Reacher for those who haven't come across this all-American hard-done-by hero, created by a Brit from Coventry is ex-US-military police. His official bio reads:
Name: Jack Reacher
Born : October 29
Measurements: 6'5", 220-250 lbs., 50" chest
Hair : Dirty-blond
Eyes : Ice Blue
Clothing: 3XLT coat, 95 cm. pants' inseam
You get my point?
Moving on… Personal is the 19th Reacher outing. Typically for thrillers you don't have to have read any of the others to thoroughly enjoy this one. And typically for the best thriller writers having read this one, you'll want to go back to the one before or the very beginning or somewhere in the middle. It won't matter. But you will want more.
In Paris, someone has taken a shot at the French president. From a long distance away. Sniper-fire. He didn't miss.
Fortunately for the president, things have moved on since the Day of the Jackal and the bullet-proof glass did its job: provided the necessary few seconds for the human security teams to do theirs.
There are a limited number of people in the world that could have taken that shot, and all of the major intelligence agencies are hoping and praying and checking that it isn't their own local disgruntled good-guy-gone-bad. Whoever it is has to be stopped. It's not clear that the French president is a specific target or just a high-enough-profile world leader to have the desired effect. Or maybe this was just an audition?
There's an EU conference coming up. Then the G8. And then the G20.
That's a lot of high-profile world leaders doing very public things, like making speeches, wandering around remote gardens doing bilateral deals and getting-to-know-you stuff, standing on patios having photos taken.
Reacher's out on his own these days, the military career long gone.

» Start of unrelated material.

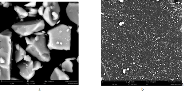 Como material de refuerzo se emplearon dos tamaños de partículas de alúmina fase gamma de forma independiente: micro (5μm) y nano (50nm). En laFigura 3 se presentan algunas imágenes de micrografías SEM (SE) de las partículas. En la Figura 3a y la Figura 3b se observa distribución de micropartículas a 900x y 15000x respectivamente. En la Figura 3c presenta la distribución de nanopartículas a 820x, donde es posible observar cúmulos que se distribuyen de forma relativamente uniforme.
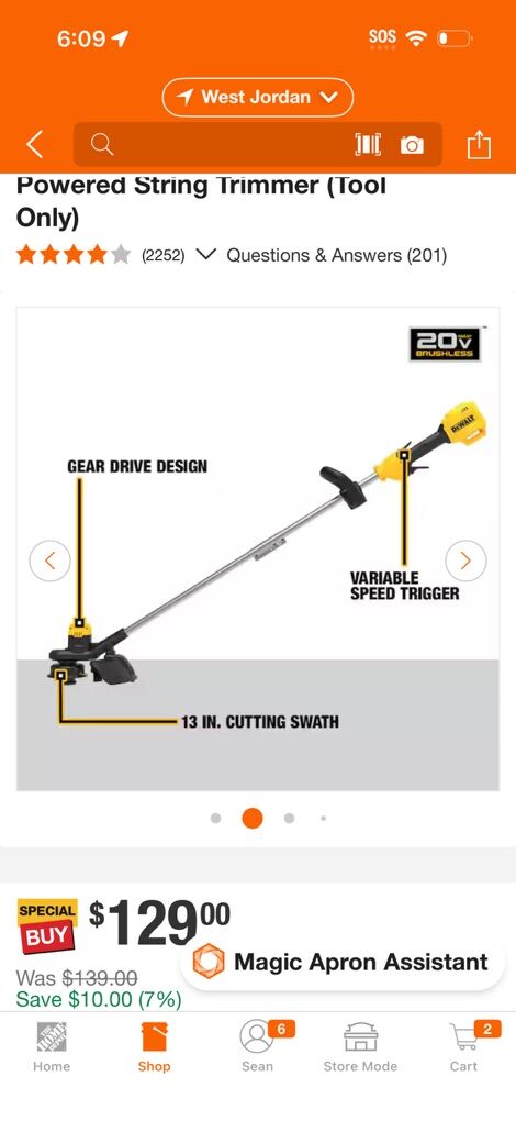 ZelleBrand new, never been used. Dewalt 20v string trimmer. Weed whacker. Model DCST925B Home Depot usually sells for $139 Tool only. No battery or charger

He has a truly nomadic lifestyle that's part personality-driven, part best-way-to-stay-alive. But he owes an old mate a favour, that means an advert in the Army Times will be sufficient for him to make contact, to not question being driven for miles and invited onto a Lear Jet and flown to a USAF base in the middle of nowhere (as they tend to be).
Briefed on the situation, Reacher is very clear who the sniper is. Knott is someone Reacher put away a long time ago. He's now out. And very quickly Reacher's on his trail… and just as quickly it's evident that this might have nothing to do with world leaders at all, no matter what the shadowy intelligence guys think.
It would be too boring to have our man on the right side of the law, wouldn't it? So there are reasons why he needs to stay outside of it – an 'unacknowledged asset' in the terminology. Turns out he might not be the only one.
From Paris to London, in the company of the Russians, the Brits, and (of all people) the Romford Boys… there's a killer to catch. At least one.
Meanwhile there are also scores to be settled. Definitely more than one. This isn't a vendetta tale, it’s a multiplicity of them, and it's overlain with enough political intrigue and possibility to make you wonder whose side anyone is on and whether, finally, Reacher might just have (a) got it wrong or (b) met his match. Or both.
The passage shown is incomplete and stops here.